On December 9, 2024, I wrote about Meta’s new terms of service, effective January 1, 2025. This month, I’m even more disgusted by what I learned. An email from one of my publishers told me Meta stole 7.5 million books and 81 million research papers to train their new AI model, Llama 3.
For those who haven’t heard the news yet, Alex Reisner first broke the story in The Atlantic…
“When employees at Meta started developing their flagship AI model, Llama 3, they faced a simple ethical question. The program would need to be trained on a huge amount of high-quality writing to be competitive with products such as ChatGPT, and acquiring all of that text legally could take time. Should they just pirate it instead?”

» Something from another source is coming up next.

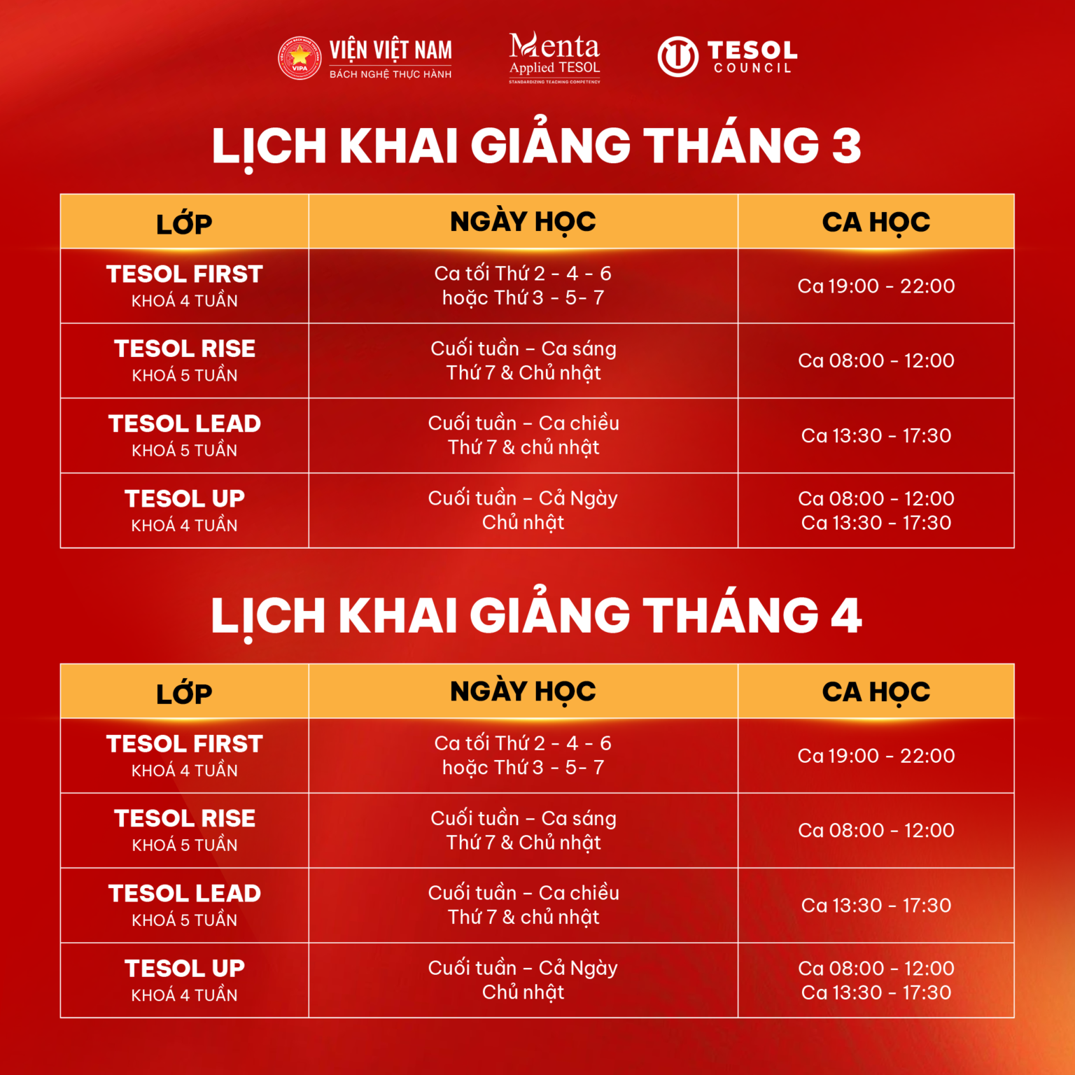 LỊCH KHAI GIẢNG TẠI MENTA TESOL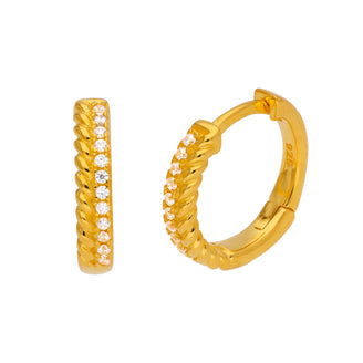 Gold Plated Sterling Silver Double Twist Pave CZ Huggie Hoop Earrings

Meta employees spoke with multiple companies about licensing books and research papers, but they nixed that idea, stating, “[This] seems unreasonably expensive.” A Llama-team senior manager also said it’d be an “incredibly slow” process. “They take like 4+ weeks to deliver data.”

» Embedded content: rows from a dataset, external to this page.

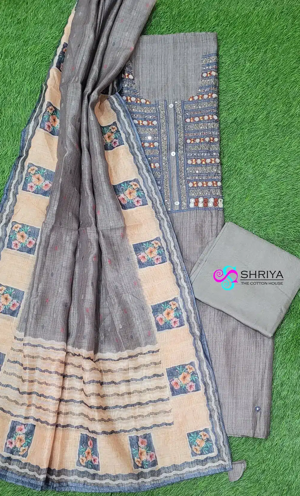 Soft maheshwari silk top with embroidered yoke paired with a printed soft maheshwari silk dupatta and cotton silk bottom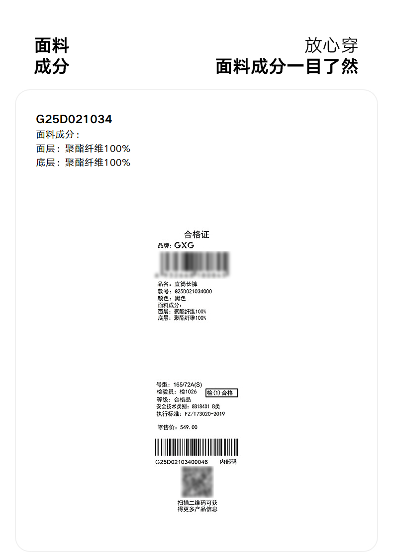 GXG男装 2025年春季热卖春季GXG男装休闲长裤商务直筒通勤长裤#G25D021034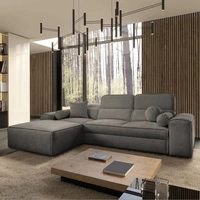 Narożnik z funkcją spania Tesalia szary lewostronny nowoczesny design komfortowe przesuwane oparcie szuflada w boczku mebla

Offended yet? Not only has Meta and others stolen copyrighted work but they’ve reduced authors’ blood, sweat, and tears to nothing more than “data.”
“The problem is that people don’t realize that if we license one book, we won’t be able to lean into fair use strategy,” said the director of engineering at Meta in an internal memo.
If caught, the senior manager claimed the legal defense of “fair use” might work for using pirated books and research papers to train AI…
“[It is] really important for [Meta] to get books ASAP. Books are actually more important than web data.”
How did they solve this problem? Meta employees turned to LibGen (Library Genesis), a digital warehouse of stolen intellectual property, neatly stacked with pirated books, academic papers, and various works authors and publishers never approved.
As of March 2025, the LibGen library contained more than 7.5 million books and 81 research papers. And Meta stole it all, with permission from “MZ”—a reference to CEO Mark Zuckerberg—to download and use the data set.
Internal correspondence were made public this month as part of a copyright-infringement lawsuit brought by Sarah Silverman and other celebs whose books LibGen pirated. If that’s not bad enough, the public also discovered OpenAI used LibGen for similar purposes. Microsoft owns a 49% equity stake in the for-profit subsidiary OpenAI LP. It is not yet known whose idea it was to download the LibGen library to train its AI model.
Does it matter? They still used copyrighted material without obtaining licensing fees or giving authors the option to opt-out.
“Ask for forgiveness, not for permission,” said another Meta employee.
Even when a senior management employee at Meta raised concerns about lawsuits, they were convinced to download the libraries from LibGen and Anna’s Archive, another massive pirate site.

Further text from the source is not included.